I walked down Beaubien for a while and finally I bought some bagels at the Beaubien Bagel factory. There was one miserable man shovelling bagels into the ovens and he scowled at me as I came in and then sold me a six-bag of sesame bagels. This is just where I wanted to be. I went to the IGA in the St. Hubert plaza. I bought cheese and cream cheese and smoked trout and green beans then I thought about what I wanted to do with my life and settled on a few bottles of booze. I walked home in the cold, picking up an old cabinet door, ripped free from its rusty hinges, that was painted a strange colour and nearly rotted on the bottom. You will be my next canvas, I said to it.

I never did watch the end of Superman Returns, but I’m sure that the good guys triumph in the end. I’m sure that a lot of things explode and that Superman earns his keep by catching heavy objects in mid air before they fall on crowds of terrified civilians. I’m sure superman poses in mid-air, muscles bulging and straining, the crowds below him cheering his name.

Unlike most men who are forced to pretend to be boring wankers in order to keep down jobs they don’t really care about, all the while fantasising about flying around the city in red capes and crotch revealing tights looking for action, Superman is living the dream. He doesn’t need my support. Unlike Batman, however, Superman still seems to feel the need to pretend things are not what they seem by courting (and ultimately never being able to satisfy) Lois Lane. At least the caped crusader has the courage of conviction to go out in public with his boyfriend.

November 23, 2008

Review of the first 19.01 minutes of Superman Returns.















Superman returns to Earth, in Superman Returns, after a long hiatus; both in the fictional and the actual world. Where has superman been all this time? He’s been in outer space indulging himself with personal introspection while the world he has sworn to protect has been smouldering, always that much closer to consuming itself in a ferocious fist of crackling fire.

Consider this image: Superman’s iconic burning pod lands again on the idyllic Midwestern farmstead where he was raised. He surrogate mother, who has been busy baking apple pies for the union since Superman left, sees the fireball streak over her house and land in the distant field. She goes out to greet her child and there he is, sitting, as buff and delicious as ever, beneath this sculpted mass of burning mud and grain. How very much the tripartite erection resembles the charred remains of the World Trade Centre.

While Superman has been gone the world has never needed him more. He has come home for no more significant reason than to save the world from its exhaustion with postmodernist disaffection. We need grand narratives to believe in because we need to believe in ourselves if we are going to fight something as unflagging and unambiguous as evil.

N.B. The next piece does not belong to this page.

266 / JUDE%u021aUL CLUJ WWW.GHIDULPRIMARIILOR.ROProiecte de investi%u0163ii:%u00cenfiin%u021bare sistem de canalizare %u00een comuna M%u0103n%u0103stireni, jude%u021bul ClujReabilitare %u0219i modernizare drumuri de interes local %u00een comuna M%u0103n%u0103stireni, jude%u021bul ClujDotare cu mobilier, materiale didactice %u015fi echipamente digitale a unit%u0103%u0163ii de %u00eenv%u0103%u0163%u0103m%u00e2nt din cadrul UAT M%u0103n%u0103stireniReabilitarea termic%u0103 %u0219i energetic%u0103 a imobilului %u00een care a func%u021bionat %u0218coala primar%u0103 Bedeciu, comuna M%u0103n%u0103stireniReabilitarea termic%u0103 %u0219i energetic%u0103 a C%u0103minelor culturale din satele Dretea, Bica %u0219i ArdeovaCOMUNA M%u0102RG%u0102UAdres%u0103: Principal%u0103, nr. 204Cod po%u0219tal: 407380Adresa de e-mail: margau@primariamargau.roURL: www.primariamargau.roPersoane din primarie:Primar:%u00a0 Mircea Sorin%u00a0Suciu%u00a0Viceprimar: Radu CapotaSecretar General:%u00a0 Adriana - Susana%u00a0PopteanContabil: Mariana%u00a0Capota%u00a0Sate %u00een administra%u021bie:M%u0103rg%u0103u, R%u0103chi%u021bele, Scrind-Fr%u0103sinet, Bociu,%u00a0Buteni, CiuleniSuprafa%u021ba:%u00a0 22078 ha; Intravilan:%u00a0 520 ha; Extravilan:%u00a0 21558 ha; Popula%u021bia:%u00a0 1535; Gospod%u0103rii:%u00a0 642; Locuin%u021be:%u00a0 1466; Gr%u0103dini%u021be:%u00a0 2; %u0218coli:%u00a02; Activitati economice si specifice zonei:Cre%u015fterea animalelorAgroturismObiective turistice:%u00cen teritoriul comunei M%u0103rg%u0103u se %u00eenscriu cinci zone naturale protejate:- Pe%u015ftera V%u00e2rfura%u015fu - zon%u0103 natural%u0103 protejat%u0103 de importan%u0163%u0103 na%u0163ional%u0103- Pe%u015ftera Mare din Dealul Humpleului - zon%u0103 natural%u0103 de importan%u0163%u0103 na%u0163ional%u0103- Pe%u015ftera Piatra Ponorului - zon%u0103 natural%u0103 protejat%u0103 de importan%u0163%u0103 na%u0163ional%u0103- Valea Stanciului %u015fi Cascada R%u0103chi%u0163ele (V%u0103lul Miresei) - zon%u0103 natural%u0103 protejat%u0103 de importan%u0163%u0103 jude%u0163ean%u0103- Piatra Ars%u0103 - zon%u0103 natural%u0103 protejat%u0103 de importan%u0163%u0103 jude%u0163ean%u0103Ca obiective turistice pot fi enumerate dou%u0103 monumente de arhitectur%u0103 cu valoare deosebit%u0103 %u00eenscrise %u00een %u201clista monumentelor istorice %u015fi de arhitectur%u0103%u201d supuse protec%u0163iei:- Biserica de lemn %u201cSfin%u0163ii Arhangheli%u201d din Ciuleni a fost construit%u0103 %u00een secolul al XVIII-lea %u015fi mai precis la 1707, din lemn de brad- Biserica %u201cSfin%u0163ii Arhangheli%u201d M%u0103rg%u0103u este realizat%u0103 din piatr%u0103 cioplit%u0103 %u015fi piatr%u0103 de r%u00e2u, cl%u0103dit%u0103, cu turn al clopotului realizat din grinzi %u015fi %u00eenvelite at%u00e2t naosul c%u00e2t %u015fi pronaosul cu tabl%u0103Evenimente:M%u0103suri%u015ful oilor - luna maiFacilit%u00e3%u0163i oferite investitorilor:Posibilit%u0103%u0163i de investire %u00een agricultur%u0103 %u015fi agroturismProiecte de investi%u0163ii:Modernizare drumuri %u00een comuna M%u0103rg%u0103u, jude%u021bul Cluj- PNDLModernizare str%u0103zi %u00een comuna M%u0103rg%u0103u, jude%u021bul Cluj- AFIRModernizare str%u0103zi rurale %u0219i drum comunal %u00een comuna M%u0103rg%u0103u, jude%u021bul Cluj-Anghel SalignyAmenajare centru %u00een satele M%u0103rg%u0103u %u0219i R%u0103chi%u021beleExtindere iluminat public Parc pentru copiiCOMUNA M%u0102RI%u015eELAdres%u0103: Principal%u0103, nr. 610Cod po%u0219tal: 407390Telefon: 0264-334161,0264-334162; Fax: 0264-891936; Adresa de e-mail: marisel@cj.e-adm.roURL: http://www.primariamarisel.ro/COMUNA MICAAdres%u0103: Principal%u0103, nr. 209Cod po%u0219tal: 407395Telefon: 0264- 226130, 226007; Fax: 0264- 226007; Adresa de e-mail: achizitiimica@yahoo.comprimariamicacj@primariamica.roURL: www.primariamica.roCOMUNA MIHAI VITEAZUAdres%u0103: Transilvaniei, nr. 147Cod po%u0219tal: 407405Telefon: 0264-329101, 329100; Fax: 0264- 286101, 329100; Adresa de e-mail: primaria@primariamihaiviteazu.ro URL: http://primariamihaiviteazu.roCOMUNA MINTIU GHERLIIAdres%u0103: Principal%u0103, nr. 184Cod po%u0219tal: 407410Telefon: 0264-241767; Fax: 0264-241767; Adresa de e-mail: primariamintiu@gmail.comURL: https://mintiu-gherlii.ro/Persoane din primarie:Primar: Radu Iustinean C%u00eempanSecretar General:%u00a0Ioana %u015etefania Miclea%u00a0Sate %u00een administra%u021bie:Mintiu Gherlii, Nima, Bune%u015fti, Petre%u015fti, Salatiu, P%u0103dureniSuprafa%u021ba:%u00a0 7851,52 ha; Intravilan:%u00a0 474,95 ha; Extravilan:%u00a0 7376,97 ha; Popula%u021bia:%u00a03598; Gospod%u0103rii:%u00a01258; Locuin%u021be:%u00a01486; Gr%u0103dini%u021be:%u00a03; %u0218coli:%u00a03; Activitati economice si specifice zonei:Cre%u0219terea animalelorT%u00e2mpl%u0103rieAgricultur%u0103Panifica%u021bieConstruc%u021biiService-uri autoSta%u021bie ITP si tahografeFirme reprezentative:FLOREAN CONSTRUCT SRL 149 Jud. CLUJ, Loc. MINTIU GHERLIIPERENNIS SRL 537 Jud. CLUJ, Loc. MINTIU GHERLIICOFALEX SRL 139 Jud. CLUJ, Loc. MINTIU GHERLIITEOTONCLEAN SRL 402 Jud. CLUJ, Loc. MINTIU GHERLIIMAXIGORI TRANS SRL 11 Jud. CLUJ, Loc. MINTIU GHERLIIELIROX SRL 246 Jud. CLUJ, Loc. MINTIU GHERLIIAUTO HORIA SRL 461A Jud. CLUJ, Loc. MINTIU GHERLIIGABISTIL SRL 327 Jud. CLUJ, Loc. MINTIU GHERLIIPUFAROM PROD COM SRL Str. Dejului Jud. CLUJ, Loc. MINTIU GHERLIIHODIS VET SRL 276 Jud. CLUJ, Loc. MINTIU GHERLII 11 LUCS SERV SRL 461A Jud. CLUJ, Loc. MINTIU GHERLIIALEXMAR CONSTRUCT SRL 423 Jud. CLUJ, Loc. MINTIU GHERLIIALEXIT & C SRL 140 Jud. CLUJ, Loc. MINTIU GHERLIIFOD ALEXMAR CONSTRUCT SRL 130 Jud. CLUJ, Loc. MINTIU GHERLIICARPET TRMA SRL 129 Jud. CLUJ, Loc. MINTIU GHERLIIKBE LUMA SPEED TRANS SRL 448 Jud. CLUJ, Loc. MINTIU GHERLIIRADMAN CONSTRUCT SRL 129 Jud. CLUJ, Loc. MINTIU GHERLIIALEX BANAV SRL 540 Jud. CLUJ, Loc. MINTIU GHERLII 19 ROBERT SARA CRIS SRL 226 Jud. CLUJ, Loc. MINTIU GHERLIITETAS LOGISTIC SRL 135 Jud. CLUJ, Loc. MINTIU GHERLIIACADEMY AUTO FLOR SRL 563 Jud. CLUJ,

There can be no shades of grey at the tips of our bullets, men. Superman is back.

I haven’t watched the whole movie yet (it’s the kind of thing that is only manageable in small doses) but I have been struck already by the power of the pure country versus the impure urban imagery that pervades the film; and is in effect the entire underpinning of the superman mythology. Superman, after all, (following his arrival on the planet) becomes an American where it counts: out on the prairies under the big sky, raised with simple traditional values of goodness and morality and it is with this psychological equipment that he makes his journey into the urban centres of the world. It is always the city that needs saving, mind you; it is always the city that dabbles with sin by indulging the whims of the evil, industrially minded, money hungry Lex Luthor.

Luthor, the anti-Superman, espouses a kind of evil that is insidious not only because of the fact that it is self-motivated and indifferent to the suffering of others, but because it is a rejection of the rural simulacrum from which Superman’s morality emanates. The city is a tangle of capitalist desires and complex emotional entanglements, the way forward in the city is never clear; for every route is blocked by buildings and hidden from the sun. How easy it is for urban dwellers to become lost in the jumble of towers and alleys and dead-ends and noise and madness. Superman, raised in the clear air and able to see for miles, swoops easily between the buildings and keeps his attention on everything. Superman reminds people, after they have been appropriately spanked for worshipping yet again at Luthor’s golden calf, what really matters in this world.

How different Superman is from Batman (who is by far the more popular of the two characters, I believe). Batman is a product of the city, a product of wealth, a product of the very system which he wishes to cleanse. This makes Batman complex and troubled, it makes him essentially a character who can only do good by doing evil to himself; and this kind of thing is the basis of every great identity crisis. With Superman, though, there is no identity crisis. Superman is as alien to the city as he is to the planet itself. Superman’s citizens to be saved are like sheep who have strayed from the path of righteousness, they are like the citizens of Sarah Palin’s true America who have nevertheless ended up in the city of the Sirens and forgotten the way their lives used to be. Superman, country boy, brings them home again. For Batman, though, there is no home, there is only another night of unresolved darkness.

Of lovers spurned and goodly ghosts.

My goodly ghost; and I’m always surprised how nice he is to me, given the animosity that we shared before they dropped him in the mud, visited me two nights ago and provided me yet again with a little bit of useful guidance …but you know it’s hard for me to follow his advice because I’m not good at saying no to things. I’m not good at saying no to things and so I always end up doing all this shit that I’d really rather not do.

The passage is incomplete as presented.